Award Year: 
2012
Award Recipient: 
Remy Scalza
Category: 
Best Story about Travel in Canada
Category Sponsor: 
Tourism Yukon

Published in Canadian Geographic, Spring

Meet me at the rodeo: 10 days of bull riding, benders and fearless carnies at the Calgary Stampede

The men’s dressing room below the grandstand at the Calgary Stampede feels a little like a hospital waiting room, but not nearly as clean. It’s a Thursday afternoon in July, toward the end of the 10-day rodeo competition, and cowboys wrapped in elastic bandages and ice packs are splayed out on a set of dingy couches, grinding mud into the fabric and trading raunchy bar stories from last night. Strewn across the carpet is a mess of well scuffed boots, spurs and chaps, frayed reins, blue jeans in various states of disrepair, tins of tobacco and spit cups: the telltale detritus of a rodeo.

On one couch, Tyler Thomson, in a bright purple dress shirt with Wrangler written across the back, is running through his hit-list for me. “Plenty of bumps, bruises, stitches, a broken thumb.
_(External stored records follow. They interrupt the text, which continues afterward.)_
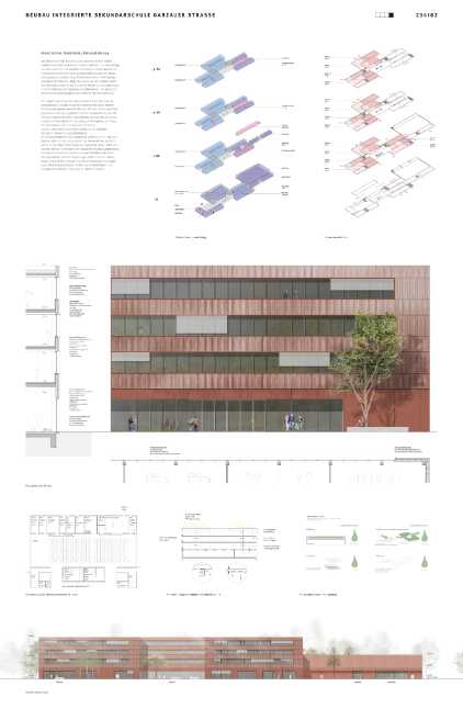 Erdgeschoss formen die Fassaden durch einen Wechsel von transparenten und geschlossenen Bereichen mit faserarmierten Sichtbetonfertigteilen einen Sockel aus. Die Fassaden in den Obergeschossen sind als vorgefertigte Holzrahmenkonstruktionen mit vertikaler farbbeschichteter Holzverkleidung entworfen. Die Konstruktion und Materialwahl in Holz trägt zur Verringerung der Folgen des Klimawandels bei und soll auch mit seinen haptisch-atmosphärischen Eigenschaften einen wichtigen Beitrag für dieses Schulgebäude leisten. Im Inneren bestimmen helle freundliche Oberflächen mit robusten Eigenschaften das Erscheinungsbild der Schule: Böden aus Sichtestrich in den öffentlichen Bereichen, Kautschuk in den Unterrichtsräumen, Kerne in Sichtbeton und robuste Wandbekleidungen sowie einzelne Holzeinbauten und freistehendes Mobiliar zur flexiblen Raumgestaltung. Gezielte Verglasungen in Bereichen der Kunst-, Musik- und einzelner Fachräume verleihen der Schule den Status einer offenen Lernlandschaft, fördern die Kommunikation und ermöglichen ein breites Spektrum an Unterrichtsformen.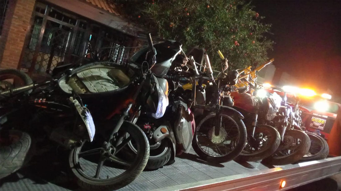 Durante la diligencia fueron halladas 28 motocicletas de diferentes marcas y modelos, 5 de ellas reportadas como robadas y 23 alteradas en los medios de identificación, así como placas de circulación que corresponden a vehículos con reporte de robo, y una tonelada y media de autopartes sin medios de identificación.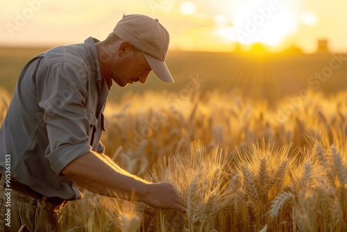 a farmer examines wheat sheaves closely, amidst a field of ripe grain golden-hour light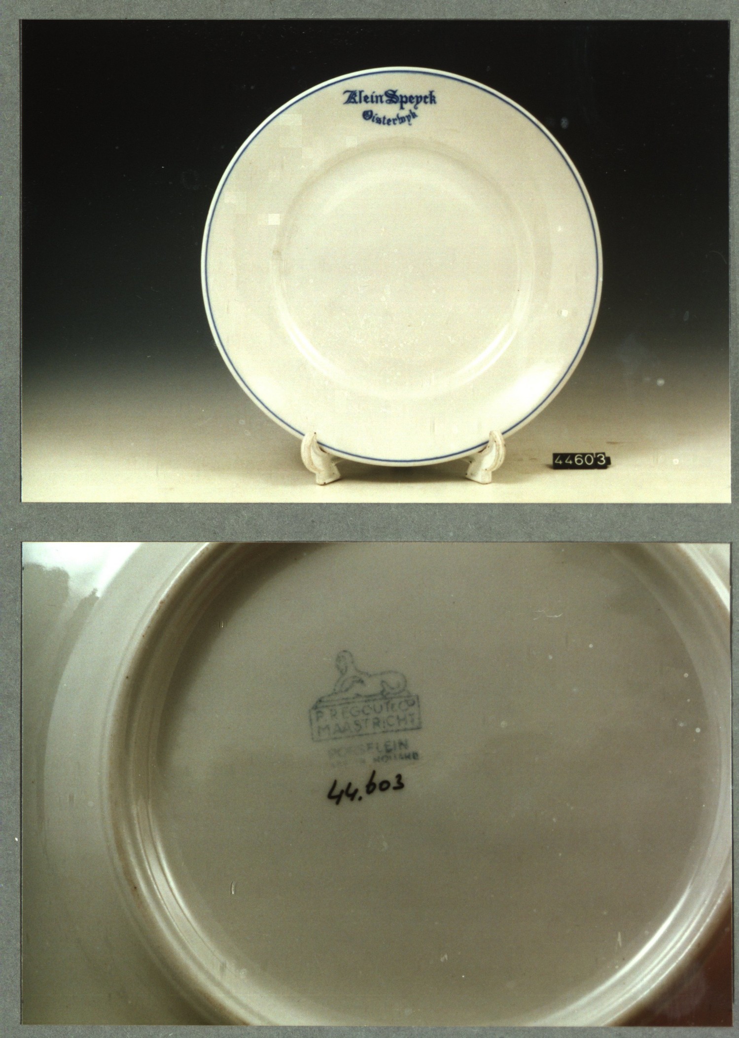 Plat bord, model P met decor Klein Speyck Oisterwijk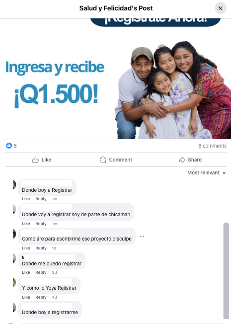 En muchos de los posts se pueden ver comentario de personas pidiendo información y dispuestos a dar información personal para “registrarse” y poder recibir el dinero.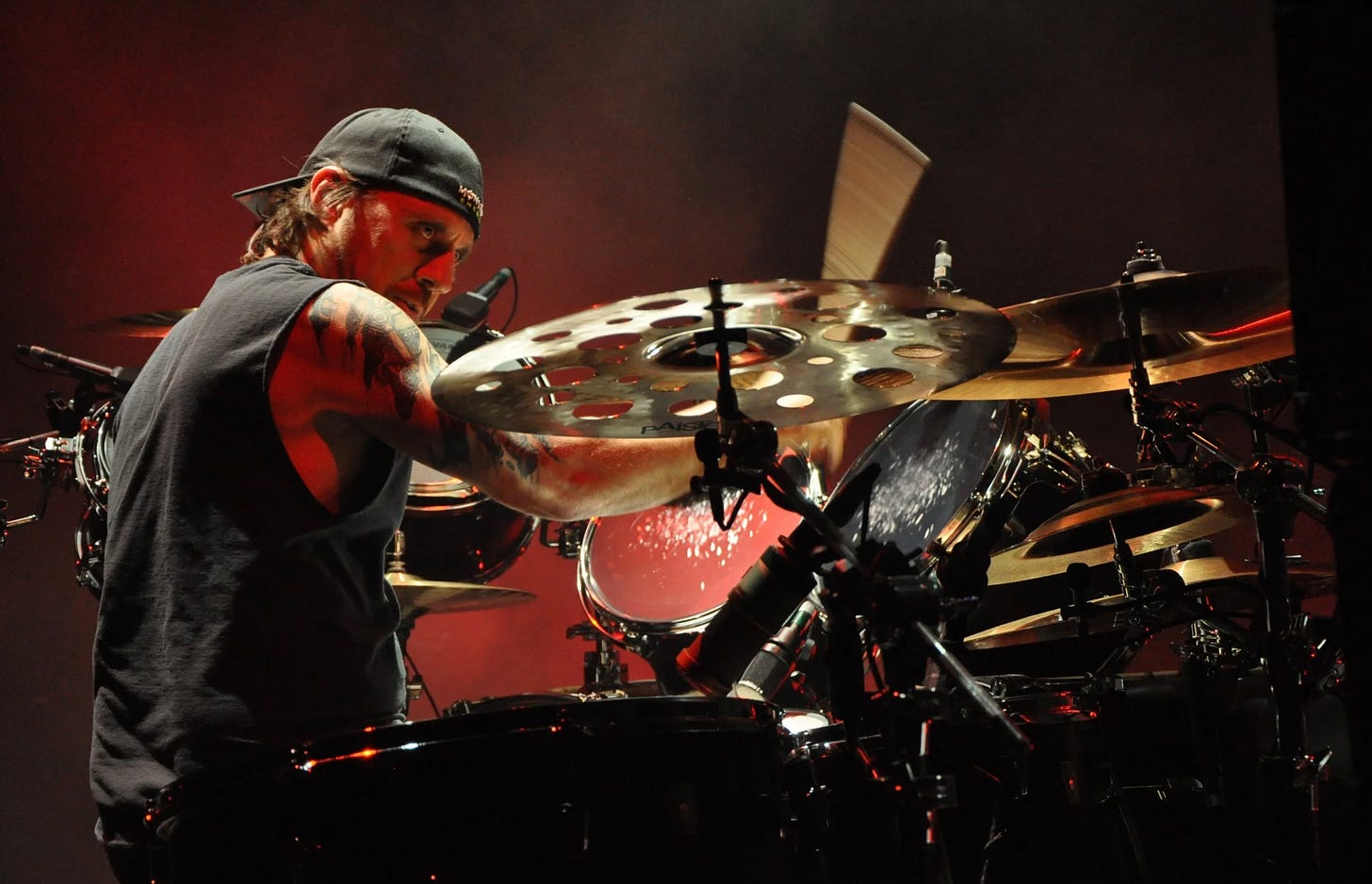 Dave Lombardo describes drumming as a physical and psychological state—an adrenaline-fueled zone shaped by endorphins, focus, and years of muscle memory. He compares the experience to athletes and fighters preparing for a match, explaining how nothing replicates the energy of the stage: lights, volume, audience, and the emotional release that follows.

But my knees, I guess you could say, have been my Kryptonite.” Thomson, 30 years old and from one of the most storied families of Calgary rodeo, has blue eyes, a million-dollar smile and one Canadian Professional Rodeo Association championship under his belt. “I think I’ve torn every ligament out of my right knee,” he says, “and I tore the ACL out of my left knee. Kept me out a year-and-a-half. But nothing too serious, knock on wood.” In an hour or so, for the third day in a row, Thomson will mount a nearly one-tonne bull and try to stay on for eight seconds.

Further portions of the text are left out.